Pequeña (pero larga) y cursi película sin importancia

Marion Cotillard, en la película.
Marion Cotillard, en la película.
C. Colón

31 de mayo 2011 - 05:00

Comedia dramática, Francia, 2010, 154 min. Dirección y guión: Gillaume Canet. Fotografía: Christophe Offenstein. Intérpretes: Anne Marivin, Benoît Magimel, Marion Cotillard. Cines: Multicines Centro.

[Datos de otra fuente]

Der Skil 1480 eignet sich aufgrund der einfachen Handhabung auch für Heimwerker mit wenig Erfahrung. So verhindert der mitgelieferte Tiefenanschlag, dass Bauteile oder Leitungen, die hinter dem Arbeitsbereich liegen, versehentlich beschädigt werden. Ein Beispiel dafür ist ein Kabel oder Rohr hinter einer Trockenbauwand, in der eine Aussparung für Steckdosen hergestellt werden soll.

Esta pequeña película sin importancia fue el taquillazo de la temporada en Francia, superando a los colosos americanos. ¿Una buena noticia para el cine europeo? Lo es desde el punto de vista industrial. No lo es desde el punto de vista, no ya artístico, sino tan siquiera cultural en el más amplio sentido de la palabra. Porque con relación a la larga tradición francesa -que va de Renoir a Rohmer- de películas intimistas con nutrida galería de personajes enfrascados en largas conversaciones en torno a la mesa, Pequeñas mentiras sin importancia es una cáscara vacía.

Fundiendo esa tradición francesa de conversaciones de sobremesa y el modelo de amigos reunidos por alguna razón luctuosa (con Reencuentro de Kasdan como referencia), Guillaume Canet propone la enésima variación sobre las grandezas y miserias de la amistad en la variante de crítica amable (aunque con ínfulas de prédica moral, especialmente en el empachoso final) de la generación de peter panes que alcanzan la cuarentena evitando tan cuidadosamente las huellas de la edad como las responsabilidades o madurez que cumplir años conlleva o debería conllevar.

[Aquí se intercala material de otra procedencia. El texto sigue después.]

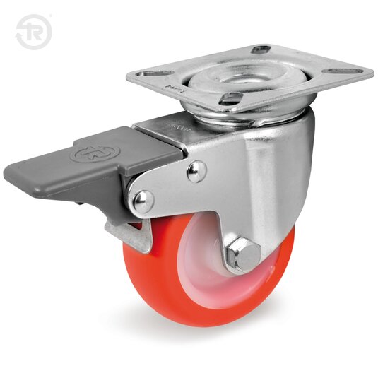 Supporto costituito da piastra, anello tenuta sfere e forcella in lamiera di acciaio zincato elettroliticamente; organo di rotazione formato da due giri sfere lubrificati a grasso, protetti dalla particolare configurazione della piastra di fissaggio. Perno centrale di acciaio stampato assemblato per ribaditura. Il freno anteriore consente il bloccaggio del supporto e della ruota.

El zambombazo del arranque -la irrupción de la fatalidad en las hermosas, umbrías y tranquilas calles de París en una amanecida de verano- promete una fuerza que la película después no ofrece, pese a que el director se tome su tiempo para hacerlo (¡dos horas y media!). Los protagonistas cuyo egoísmo se pretende criticar -dejan a un amigo moribundo para no perderse sus vacaciones- no dan para tanto. No son malvados sino, simplemente, gilipollas. La suya es una maldad natural, zoológica, determinada por su absoluta carencia de pensamiento y de sentimiento. Por ello nada, aunque el director se empeñe, se les puede reprochar. ¿Qué se podría esperar de estos tipos? Como el escorpión de la fábula, actúan como lo hacen porque así se lo manda su limitada naturaleza. Y lo peor es que el director parece compartirla con sus personajes. Una cosa es retratar la tontería, la cursilería y la blandenguería y otra muy diferente, como aquí sucede, es retratar tontamente la tontería, relamidamente la cursilería y blandamente la blandenguería.

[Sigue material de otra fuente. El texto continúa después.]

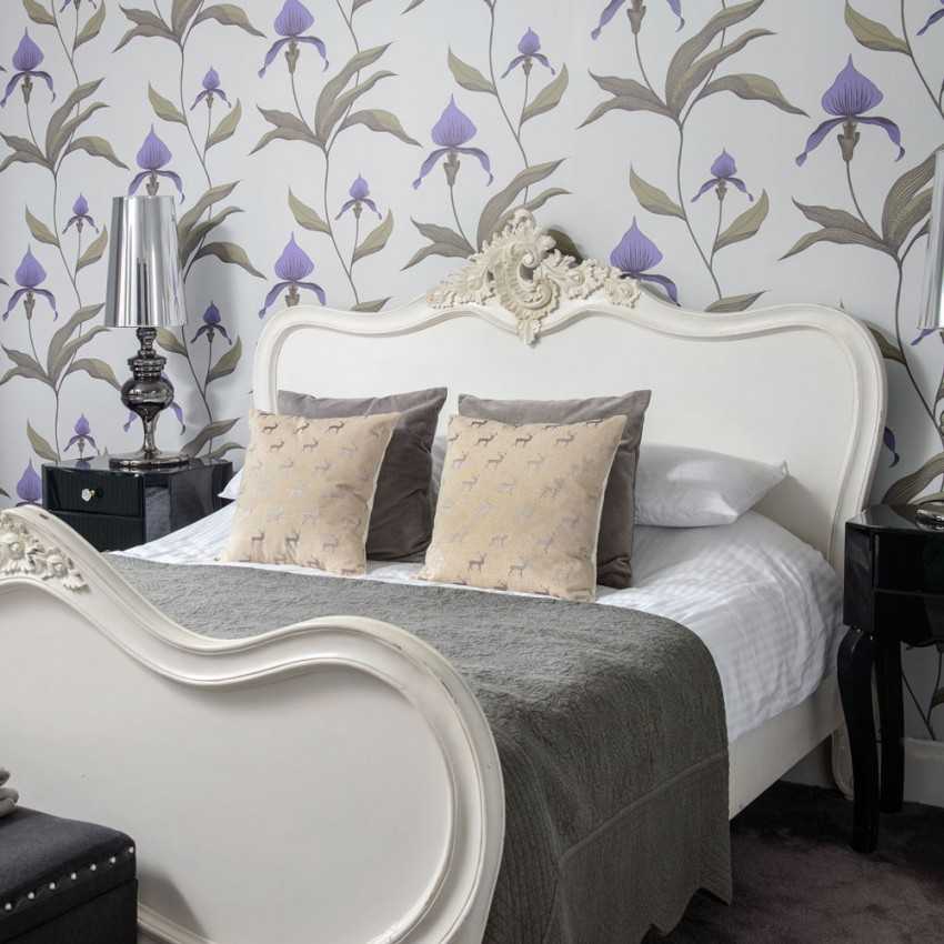 Фиолетовые оттенки очень мягкие и прекрасно подходят для оформления спален. Дополнить интерьер могут розовые, зеленые, бежевые, белые, кремовые и желтые элементы.

La escena (una de las muchas) de la comida en chiringuito con el pesado canturreando y tocando la guitarra obliga a vacunarse viendo su equivalente en Jules et Jim para no aborrecer la cultura francesa más que el cura Merino. La falsa naturalidad y la espontaneidad de pega de las situaciones y los personajes es irritante. El artificio de las interpretaciones supuestamente naturales es corajoso (especialmente en el caso de una Marion Cotillard que parece sufrir de estreñimiento cuando se pone trágica). Los discursitos finales son intolerables: un subidón de azúcar. Para colmo de males, el cine francés, que desde los años 30 de Georges Van Parys o Maurice Jaubert a los 60 de Michel Legrand y Francis Lai enseñó al mundo a utilizar la canción como elemento dramático, parece haber olvidado esta maestría, tan mal escogidas y peor utilizadas están las canciones.